Jérémy Berthod (born 24 April 1984) is a French former professional footballer who played as a left-back. He is the trainer of Ain Sud for the 2022-2023 season.

Career
Berthod was born in Tassin-la-Demi-Lune, Rhône. A product of the Olympique Lyonnais youth academy, he made his first team debut on 13 September 2003 in a 1–1 home draw against Auxerre. He went on to play a somewhat important part in the team's four consecutive Ligue 1 titles, and was also a regular selection for the France U-21 squad during that timeframe.

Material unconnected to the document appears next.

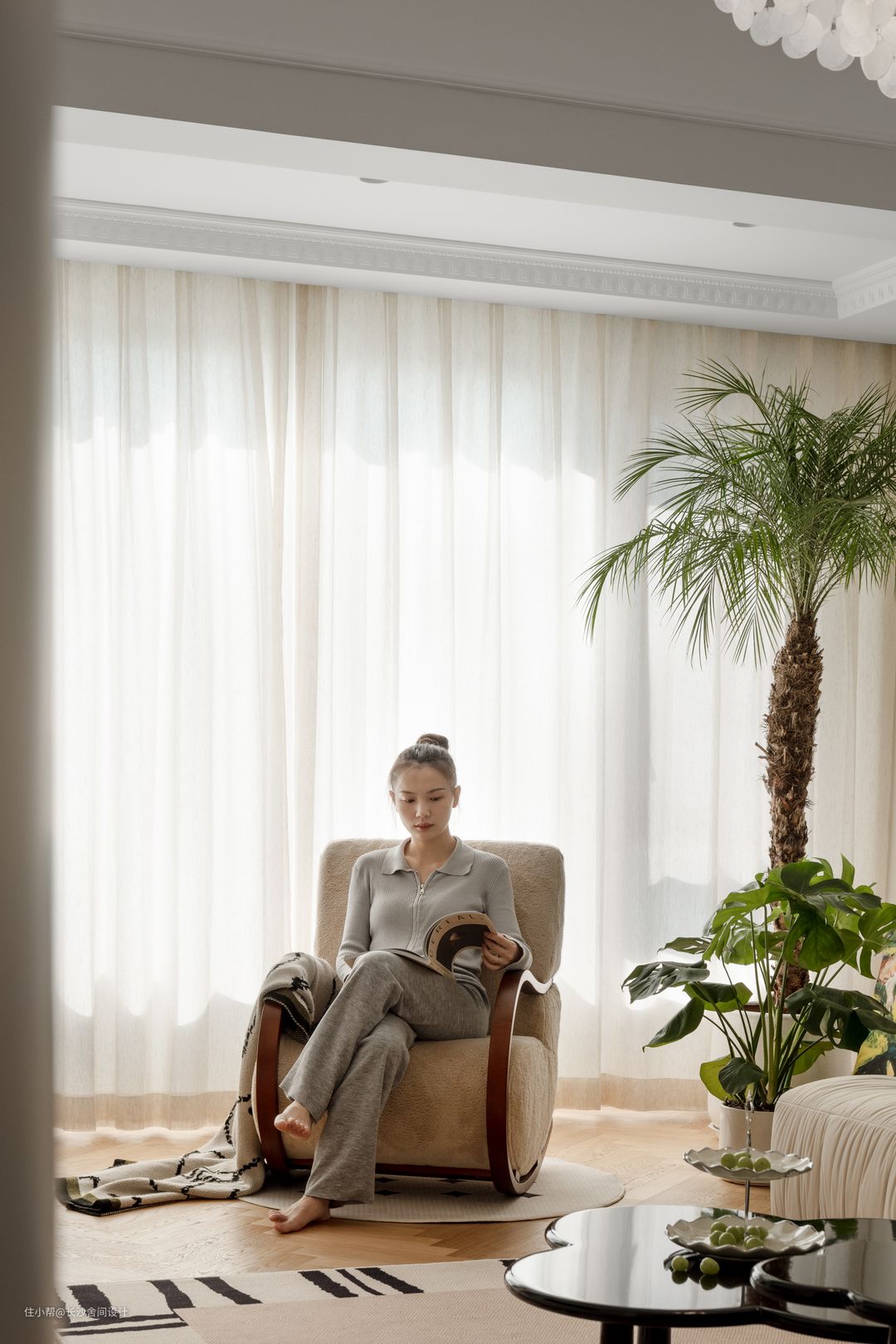 沙发背景的弧形刚好也能增加了植物角,在窗边打造出整体休闲的效果,阳光透光纱洒落进来,坐在摇摇上看书,绿植包围起来,一副岁月正好的感觉

In July 2007, l'OL agreed to transfer Berthod to AS Monaco for a fee of €2m. He made his Monaco debut in the season's second round, a 2–1 defeat at Lorient – picking up a yellow card in the process – and finished the season with 12 league contests played.

After an unimpressive year at Monaco, Berthod made a summer move to Auxerre. Over the course of four top flight seasons he was used solely as a backup, being released at the end of 2011–12 as his team ranked 20th and last.

On 4 February 2013, aged nearly 29, Berthod moved abroad for the first time, signing a two-year contract with Norwegian club Sarpsborg 08.

On 19 March 2015, he re-joined lyon as semi-amateur to help team with many injuries.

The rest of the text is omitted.